SqlAlchemy: How to create connections between users, i.e. make "friends"

Question

I'm trying to use SqlAlchemy to make Sqlite database tables inside of Pylons. I'm using declarative base to create the table, class, and mapper all at once with the following code:

class Friends(Base):
    __tablename__ = 'friends'
    left_id = Column(Integer, ForeignKey('facebooks.id'), primary_key=True)
    right_id = Column(Integer, ForeignKey('facebooks.id'), primary_key=True) 

    def __repr__(self):
        return "<Friend(id:'%s' id: '%s')>" % (self.left_id, self.right_id)

class Facebook(Base):
    __tablename__ = 'facebooks'

    id = Column(Integer, primary_key=True)
    friends = relationship("Facebook",
                           secondary=Friends.__tablename__,
                           primaryjoin= id == Friends.right_id,
                           secondaryjoin= Friends.left_id == id)    

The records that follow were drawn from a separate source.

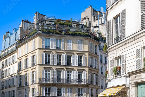 © Pascale Gueret, Fototapeta premium Paris, luxury parisian facade rue de Fleurus in the 6e arrondissement, with terraces on the rooftop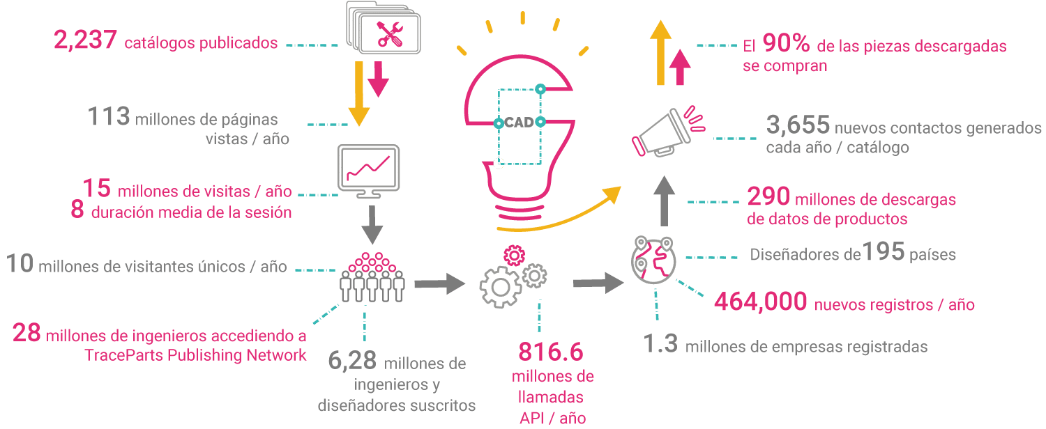En 2001, TraceParts lanzó su biblioteca en línea de componentes 3D y, en la actualidad, esta plataforma de contenido CAD basada en la nube alardea de 6 millones de ingenieros y diseñadores de todo el mundo.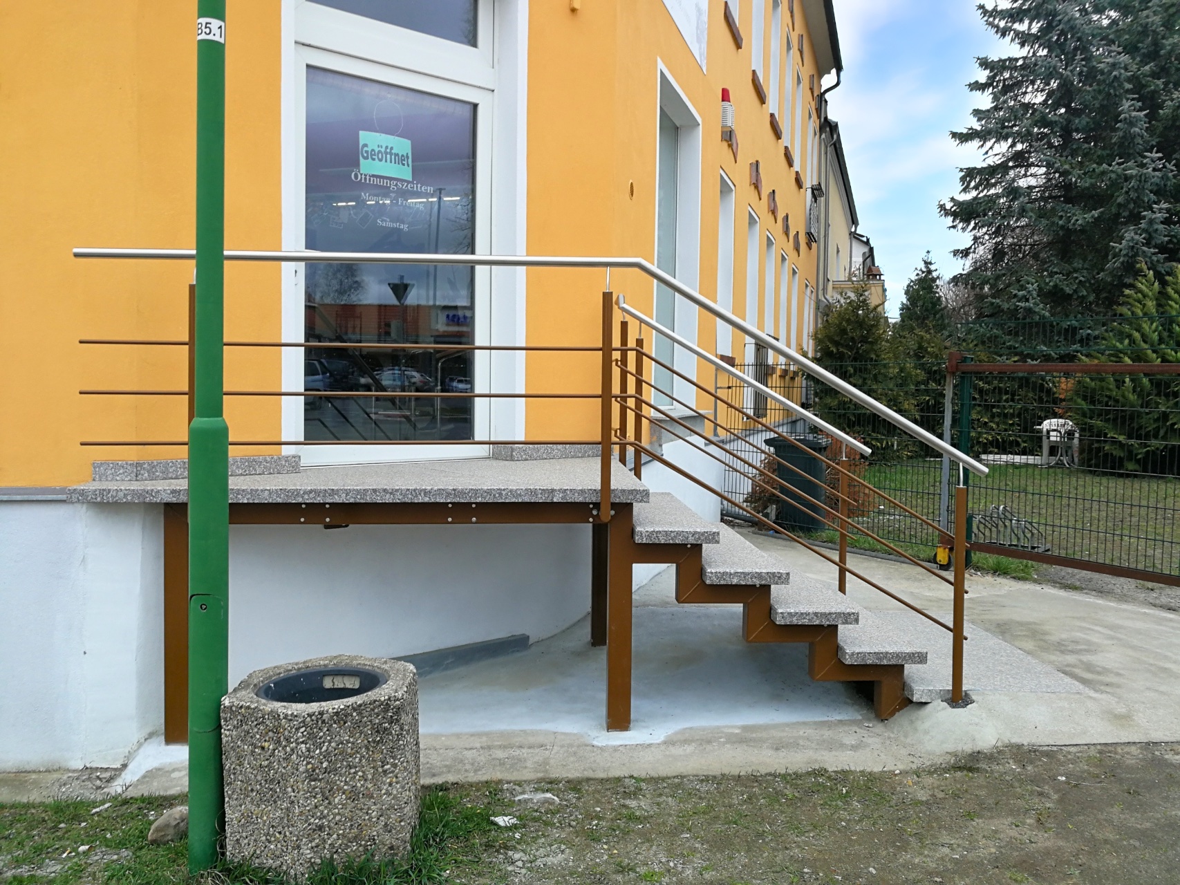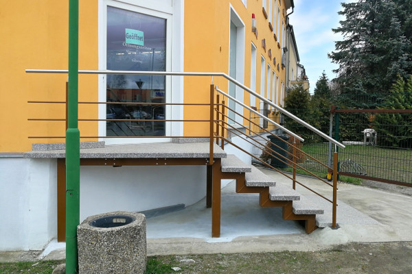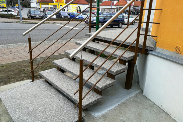 Ein Beispiel für unseren umfassenden Ansatz ist das Projekt für ein Ladengeschäft, bei dem der alte, massive Treppenblock demontiert und durch eine individuell angepasste freitragende Treppe ersetzt wurde. Podest und Stufen aus Granit haben eine rutschfeste Oberfläche. Die Geländerrohre sind feuerverzinkt und pulverbeschichtet, die Handläufe aus Edelstahl. Der Gesamtpreis betrug ca. 7500 €.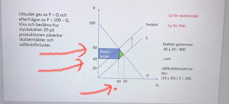 -> 20 i styckskatt tas ut för varje q och det säljs 40st q (där "D" och "S+skatt" skär varandra) - därav är skatten: (60-40)*40=20*40=800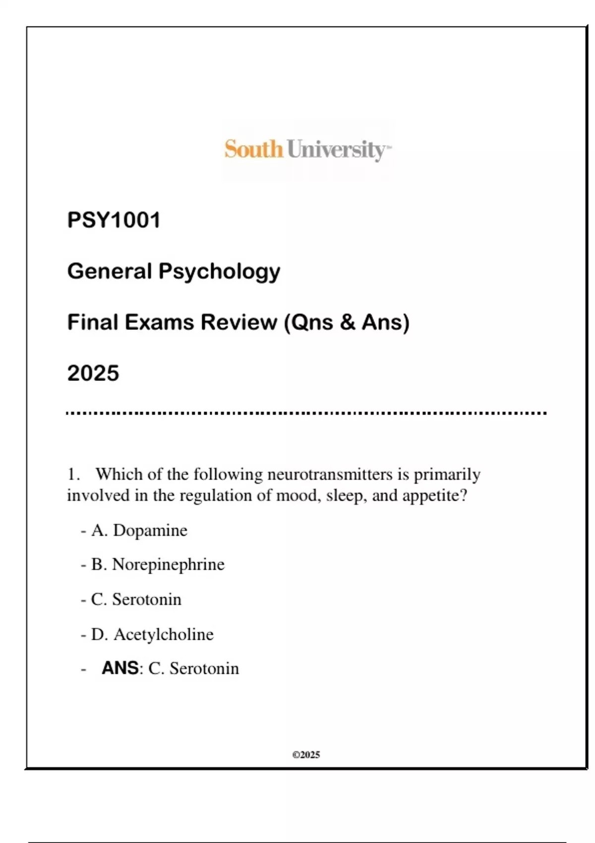PSYC1001 General Psychology Finals Exams Review 2025 (Qns & Ans).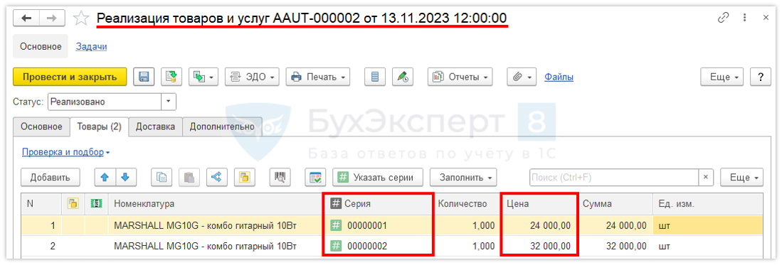 Выбытие товаров регистрируется документом Реализация товаров и услуг с указанием конкретных серий.
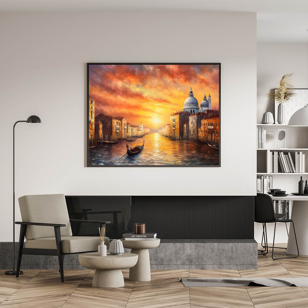 Capture the breathtaking beauty of a Venetian sunset with this stunning gondola wall art, featuring a vibrant sky ablaze with warm hues as a gondola glides through the tranquil waters of Venice. This Venice gondola print showcases the romantic and timeless charm of Italy’s most iconic city, where the historic architecture is bathed in the golden glow of the setting sun. The rich colors and dynamic composition make this artwork a perfect centerpiece for any room, adding warmth and elegance to your decor.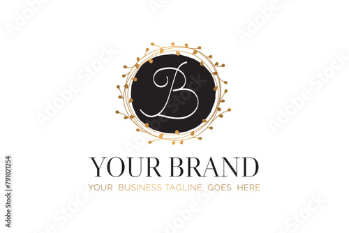 Fototapeta premium B Initial Letter Black and Gold Floral Hand Drawn Brand Logo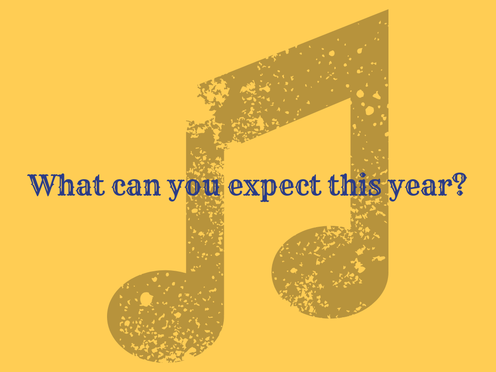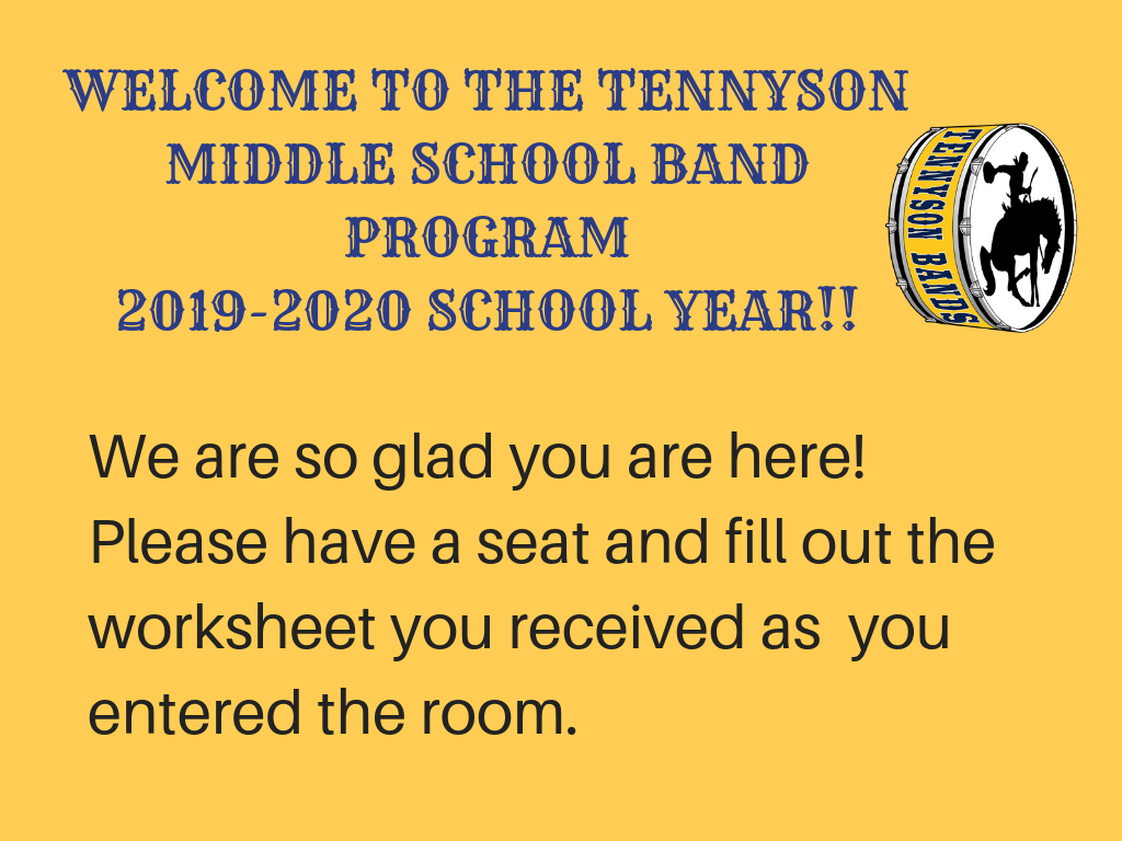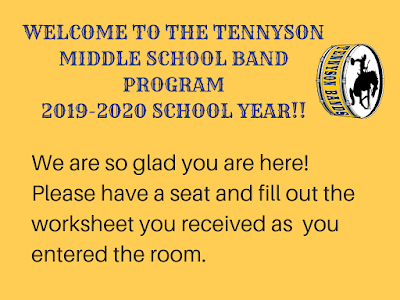 I plan on having the chairs labeled with the students' names. I'll just use address labels and mail merge to print them. I'll seat the beginners alphabetically by class and last name (my class in ABC order, then Mr. Bloch's and then Mr. Lemmons's). I'll seat the Advanced Band kids in chair order in their sections (how they'll sit when we start playing). The two of us remaining directors will help the kids find their chairs. I'll have seating charts already printed out and in my director binder so it'll be pretty easy for me to check attendance. We always check schedules on the first day of school too to make sure the students are in the correct class, so we'll be walking around doing that as well. This slide will be projected as students come in:

    def __init__(self, id):
        self.id = id

    def __repr__(self):
        return "<User(id:'%s')>" % (self.id)

I'm just learning about all the different relationships like many to one, one to many, one to one, and many to many and how to implement each with tables and/or declatively. I'm wondering, how do I associate an object with itself? For example, I want to associate facebooks with other facebooks. In other words, to build connections between them, and establish them as "friends". How would I structure the database to make this possible?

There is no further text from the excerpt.